◆ **WHAT IS EXPECTED**:
Starting at the line with "A woman is currently", copy each line through the last one below exactly as written, without any pictures.

◆ **SOURCE DATA**:
○ ○ ○

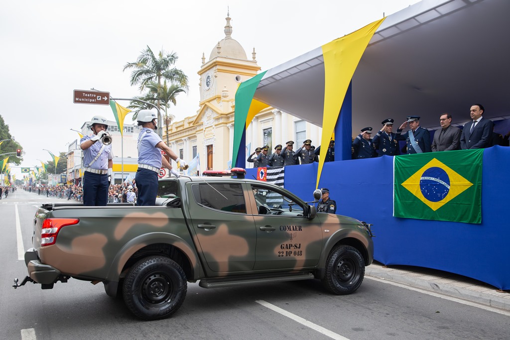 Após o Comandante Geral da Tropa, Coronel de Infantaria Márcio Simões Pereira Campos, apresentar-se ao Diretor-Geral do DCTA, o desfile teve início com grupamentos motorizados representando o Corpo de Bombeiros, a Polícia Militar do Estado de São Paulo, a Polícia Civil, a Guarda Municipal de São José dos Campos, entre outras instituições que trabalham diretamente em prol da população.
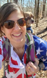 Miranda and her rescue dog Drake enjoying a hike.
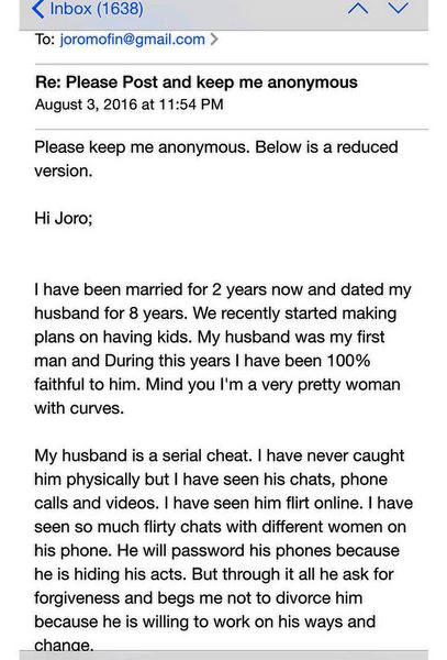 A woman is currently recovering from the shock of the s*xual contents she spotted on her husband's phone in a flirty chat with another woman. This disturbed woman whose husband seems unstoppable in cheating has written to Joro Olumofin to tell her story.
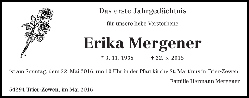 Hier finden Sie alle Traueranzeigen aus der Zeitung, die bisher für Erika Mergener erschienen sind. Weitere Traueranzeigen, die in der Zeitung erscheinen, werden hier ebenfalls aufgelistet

○ ○ ○

◆ **TASK ANSWER**:
 A woman is currently recovering from the shock of the s*xual contents she spotted on her husband's phone in a flirty chat with another woman. This disturbed woman whose husband seems unstoppable in cheating has written to Joro Olumofin to tell her story.
 Hier finden Sie alle Traueranzeigen aus der Zeitung, die bisher für Erika Mergener erschienen sind. Weitere Traueranzeigen, die in der Zeitung erscheinen, werden hier ebenfalls aufgelistet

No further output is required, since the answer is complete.